“I remember running down a road on my way to a
nursery of flowers. I remember her smile and her laugh when I was my best self
and she looked at me like I could do no wrong and was whole. I remember how she
looked at me the same way even when I wasn’t. I remember her hand in mine and
how that felt, as if something and someone belonged to me.”
I don’t know what I expected from All The Bright Places anymore. I mean, the synopsis begins with the
line ‘When Finch and Violet
meet on the ledge of the bell tower at school, it’s unclear who saves whom,’ and it sounds great. (Bell tower at
a school though? I just rolled with it) I don’t know what and why but either
way, it sounded nice. It sounded interesting, it sounded special. In the
author’s note, Jennifer Niven mentions that she wanted to write an ‘edgy’
novel, a YA novel, a novel about personal pain (I wouldn’t have known this just
reading the book, sadly). Was it all those things? I suppose you know where I’m
getting at.
Meet
Ultraviolet Remarkey-able – and I wish so bad I was kidding about that name but
sadly I’m not. I mean, I kind of found the nickname cute in that terrible,
dorky way that makes you want to cringe, at first anyway. But I lost count how
many times the Hot Reckless BoyTM of the book repeats it. And I
mean, it honestly made me cringe every single time so I hope you feel my pain
here. Violet recently lost her sister, Violet is depressed, unfairly pretty, a
cheerleader, a writer, quirky and popular. I kind of liked Violet. I had
nothing against her depressed quirkiness. I think. Oh, also, Violet makes a
webzine designed to help teenagers with all their problems, because she’s kind
of saintly like that. It’s mostly irrelevant to the plot but relevant to my
annoyance so there you go.
Theodore
Finch is the mandatory hot reckless guy. He’s bipolar, suicidal, unreliable and
hot, basically everything you could expect from a discount hot guy. Want to
know the worst part of his character, though? He does not sound like a 18-year
old. I mean, he quotes Virginia Woolf (some of it with the help of Google,
which did make me chuckle) and writes Violet poetry on email. He writes songs
and to top it off, he also talks like someone from the 19th century.
I’ll get back to his ultimately annoying poetry when I’m ready to spoil the
ending for you.
The book
claims to be the story of both of these characters, but I believe it was the
story of Violet more than anything. She was characterised more strongly, and
she got the focus most of the way. I don’t mind – she was more likeable than
pretentious Finch whom the end made me hate more than anything. I'm not going to go into detail about the plot - they're forced to be friends and fall in love, naturally. The plot lacks actual conflict, and I was just constantly waiting, waiting and waiting.
I’ve seen
people compare this book to The Fault in
Our Stars, and I’m fairly sure the synopsis brought this up as well. It's not out of nowhere, either - we have the atmosphere of death, the girl whose name is a colour, the guy whose
name is right-up ridiculous and to top it off, they do not sound like teenagers
in the slightest with their metaphors and carefully constructed sentences. Of
course, All the Bright Places loses
in this comparison by miles – the plot was dull and lacked the tension of TFIOS
most of the way through, the characters didn’t sound beautifully poetic but
annoyingly so, and most importantly, TFIOS
did it first. All the Bright Places
is in this sense a Monday copy, a lookalike mimicking the success of a wildly
better book – and I’m not even a TFIOS fangirl, believe it or not.

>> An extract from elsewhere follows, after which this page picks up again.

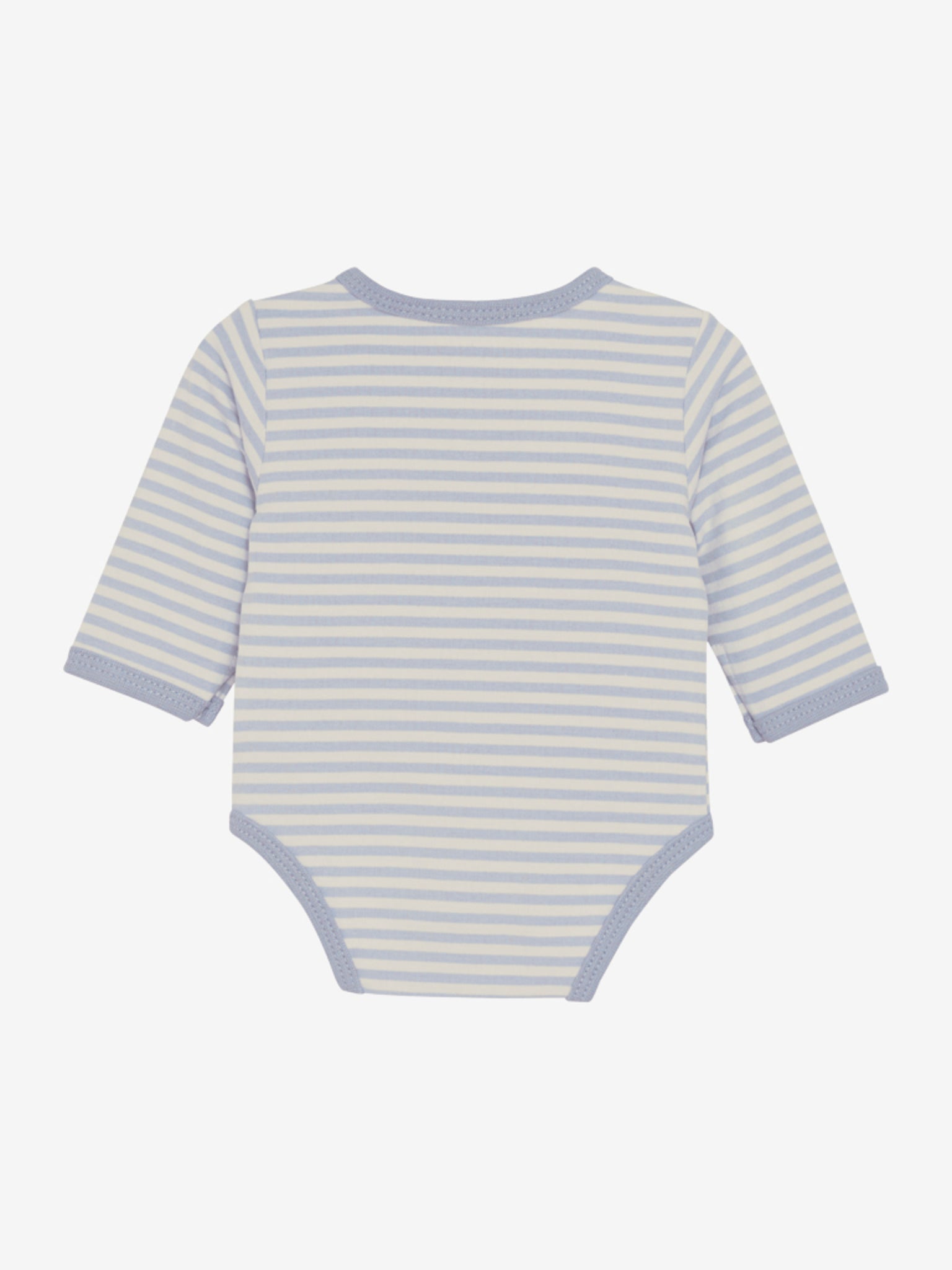 Låt oss presentera Omlottbody LS Y/D Randig från Fixoni. Denna mjuka och randiga body är perfekt för de små med sina långa ärmar och bekväma passform. Kroppen stängs enkelt med tryckknappar mellan benen och har en praktisk omlottstängning på sidan.

The weird thing is that I enjoyed the book, mostly. It was
around the time Finch runs six miles frantically to get Violet flowers
(violets, naturally) and where I took the quote at the top of the page from
that I started to think, ‘Wait a minute. Do I actually enjoy these characters, because
they’re kind of starting to piss me off right now?’ From there it was all
downhill and the last tenth of the book (audiobooks make me measure weirdly, I
know), I just forced myself to chug it down so that I could write a review
about it and finally, thankfully read something else. I hope this doesn’t mean
I’m getting over my YA phase because there are at least 50 more YA novels I’d
like to read and enjoy.
…So anyway, the
ending. The ending. Finch dies – it’s not surprising per se, but it was
badly built and the tempo of the book didn’t give it the importance it could
have had. I wish to draw another parallel to TFIOS here – it’s the same ‘this
even is so important I’ll just say it’ kind of plot development. Finch actually
commits suicide by drowning, and before he does, he leaves Violet fucking cryptic Facebook messages filled
with poems to talk about the places he visited before fucking killing himself.
I am so annoyed by the premise of this that the wannabe cuteness of Violet
visiting all these places and seeing the signs he left behind didn’t make me
awww or feel bittersweet or anything. I was just so done.
Violet also writes pretty little poetry for Finch after he’s
dead and I continue to be so done. We pretend to see Violet pick up the pieces
of her broken life but I think Niven was too afraid to actually give us an
actual look at her future, so we get half-assed little glimpses instead. I
don’t think this was the right time to ~leave it up to the reader~, honestly.
I think this is where the book goes wrong for me. I mean,
the author wants to get across the message that suicide is serious, that I
should feel sorry for Finch, who felt like he had no other option. But
honestly? His life didn’t seem that bad to me and half the book was from his
POV so I should know. He seemed to be kind of getting it together and then he
spends a week or so visiting all the cool sights of Indiana (this makes sense
in the context, sort of) and writing poetry. Then he kills himself, and I don’t
feel sorry for him, and I think he had a choice, and I think he was an annoying
asshole. I’m just so upset by this, ugh. Like Everything, Everything, this is another audio book I’ll be
returning to Audible, because I honestly did not like it.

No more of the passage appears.